Distributional Regression with Tabular Foundation Models: Evaluating Probabilistic Predictions via Proper Scoring Rules

Prior-Data Fitted Networks (PFNs), such as TabPFN and TabICL, have revolutionized tabular deep learning by leveraging in-context learning for tabular data. These models are meant as foundation models for classification and regression settings and promise to greatly simplify deployment in practical settings because their performance is unprecedented (in terms of mean squared error or $R^2$, when measured on common benchmarks like TabArena or TALENT).

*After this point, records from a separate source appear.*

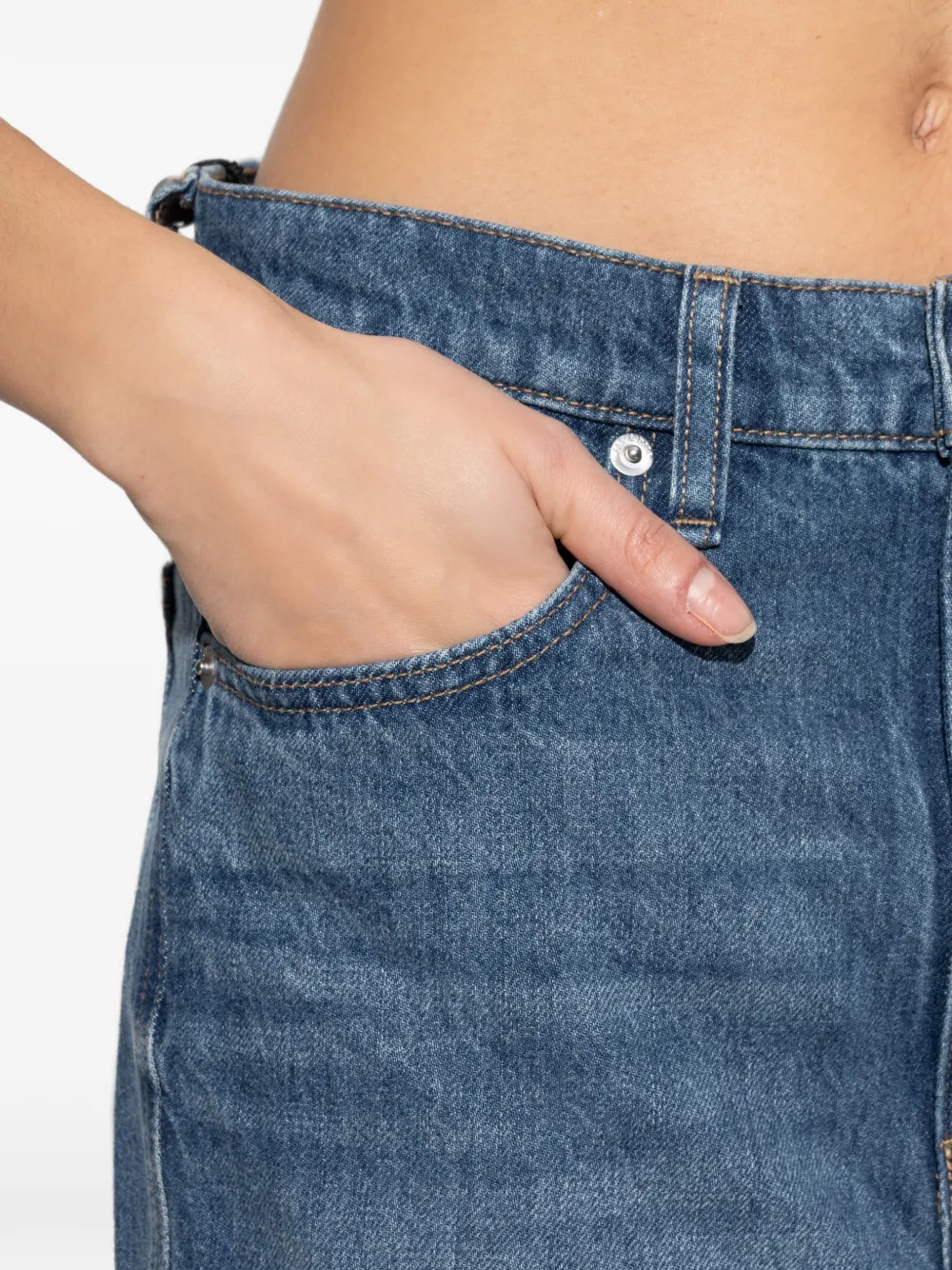 Синие прямые брючины, шлевки для ремня, пять карманов, контрастная прострочка
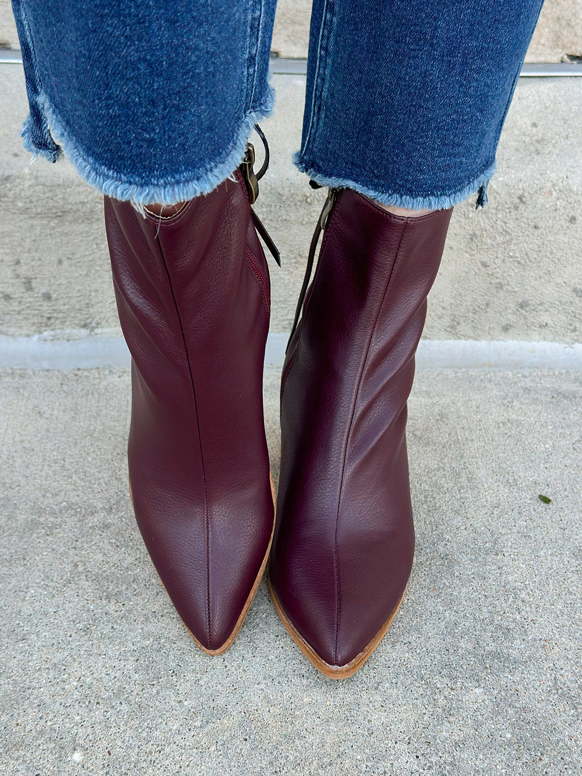 Looking for the perfect ankle boot that blends elegance with modern edge? The Valencia Pointed Toe Ankle Boot in Garnet is a chic statement shoe designed to elevate every outfit. With its sleek pointed toe and unique back lace-up detailing, it brings a touch of sophistication and personality to your look, while the stacked 3-inch heel provides both flattering height and all-day comfort.
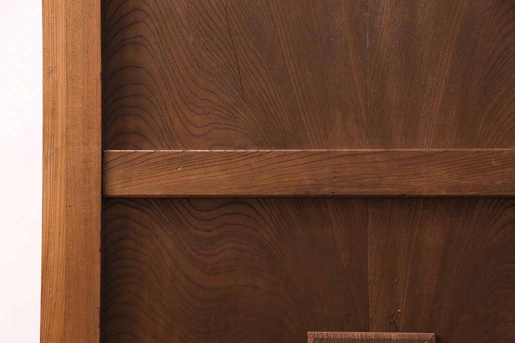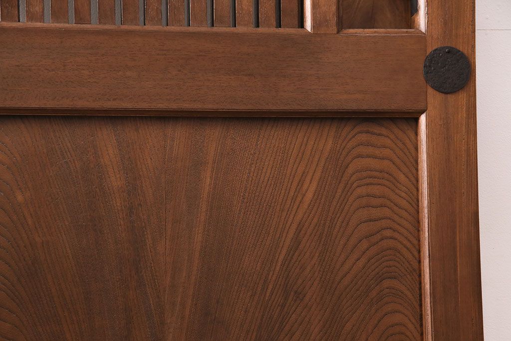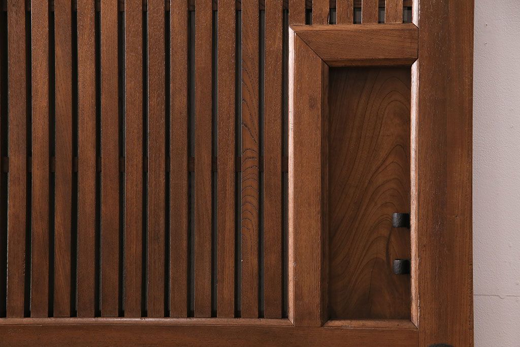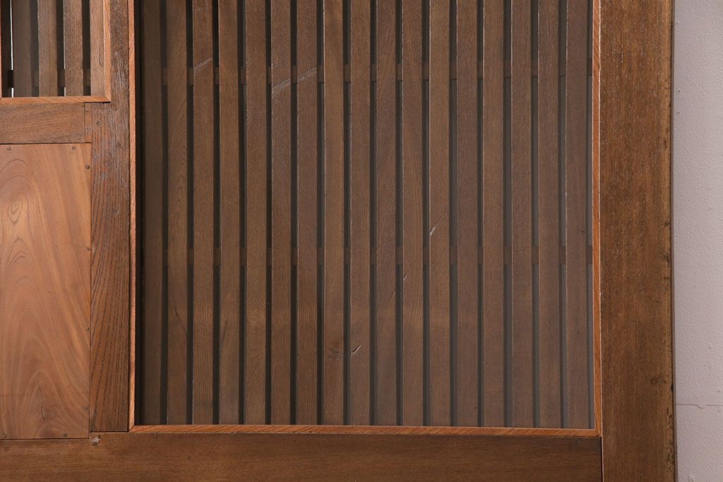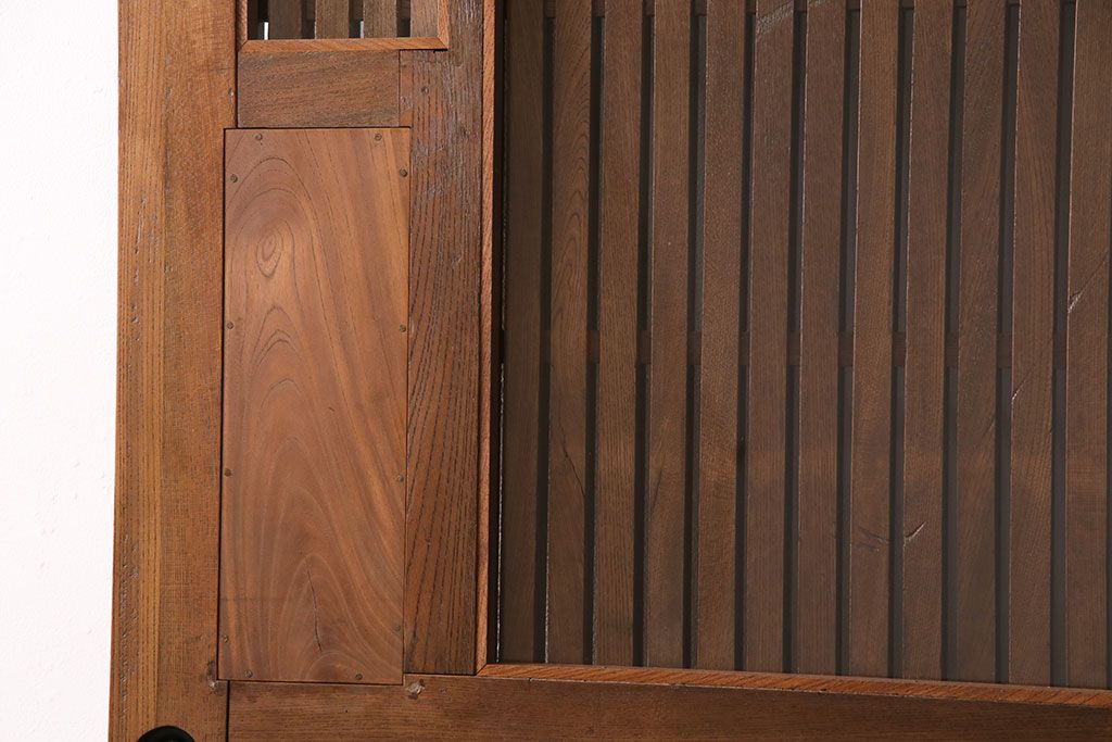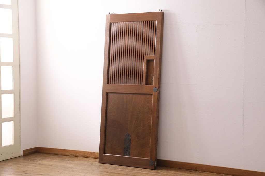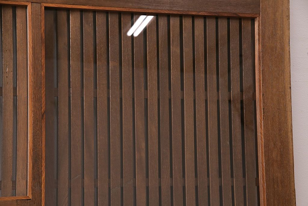 昭和初期の蔵戸をリペア&カスタム!設置場所に合わせてリサイズ。格子裏にクリアガラスを組み入れ。濃い茶色で着色し仕上げ。(玄関戸、建具)
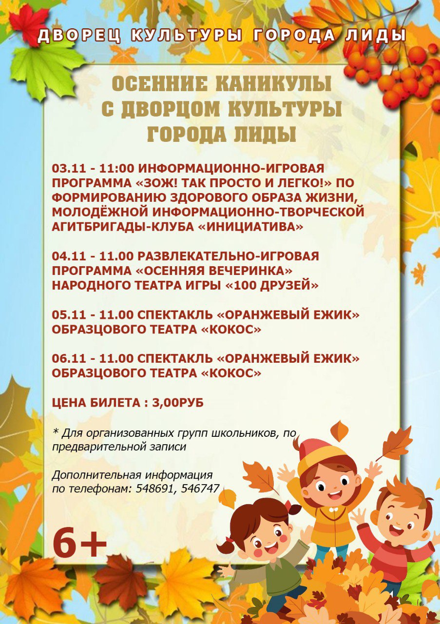Осенние каникулы во Дворце культуры города Лиды — время ярких впечатлений и событий! 🍁🍁🍁🍁🍁🍁🍁🍁🍁 Присоединяйтесь к нам — вместе создадим атмосферу тепла, творчества и веселья! Мы подготовили для вас интересные мероприятия❗️ ✅03.11 в 11:00 – информационно-игровая программа "ЗОЖ! ТАК ПРОСТО И ЛЕГКО!" ✅04.11 в 11:00 – развлекательно- игровая программа "ОСЕННЯЯ ВЕЧЕРИНКА" ✅05.11 в 11:00 - спектакль "ОРАНЖЕВЫЙ ЕЖИК" ✅06.11 в 11:00 - спектакль "ОРАНЖЕВЫЙ ЕЖИК" Цена билета: 3,00 рубля 📞Предварительная запись по телефонам: 546747; 548691 Не упустите шанс провести эти каникулы активно и интересно!
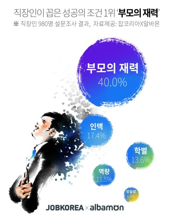 취업포털 잡코리아가 아르바이트 포털 알바몬과 함께 대학생과 직장인, 취업준비생 등 2030 성인 2,800명을 대상으로 '대한민국 성공의 조건'을 주제로 설문조사를 실시한 뒤 이같이 밝혔다. 잡코리아와 알바몬이 공동 설문조사에 참여한 2-30대 성인들에게 '대한민국에서 출세하고 성공하기 위해 가장 중요한 것이 무엇이라고 생각하는가'란 질문을 던졌다. 그 결과 응답자의 33.8%가 ▲경제적인 뒷받침, 부모의 재력을 가장 중요한 조건이라고 꼽아 1위를 차지했다.

However, we see an important weakness of current benchmarks for the regression setting: the current benchmarks focus on evaluating win rates and performance using metrics like (root) mean squared error or $R^2$. Therefore, these leaderboards (implicitly and explicitly) push researchers to optimize for machine learning pipelines which elicit a good mean value estimate. The main problem is that this approach only evaluates a point estimate (namely the mean estimator which is the Bayes estimator associated with the mean squared error loss). In this article we discuss the application of proper scoring rules for evaluating the goodness of probabilistic forecasts in distributional regression. We also propose to enhance common machine learning benchmarks with metrics for probabilistic regression. To improve the status quo and make the machine learning community aware of scoring rules for probabilistic regression, we advocate to use the continuous ranked probability score (CRPS) in benchmarks for probabilistic regression. However, we also illustrate that the choice of the scoring rule changes the inductive bias of the trained model. We, therefore, advocate for finetuning or promptable tabular foundation models.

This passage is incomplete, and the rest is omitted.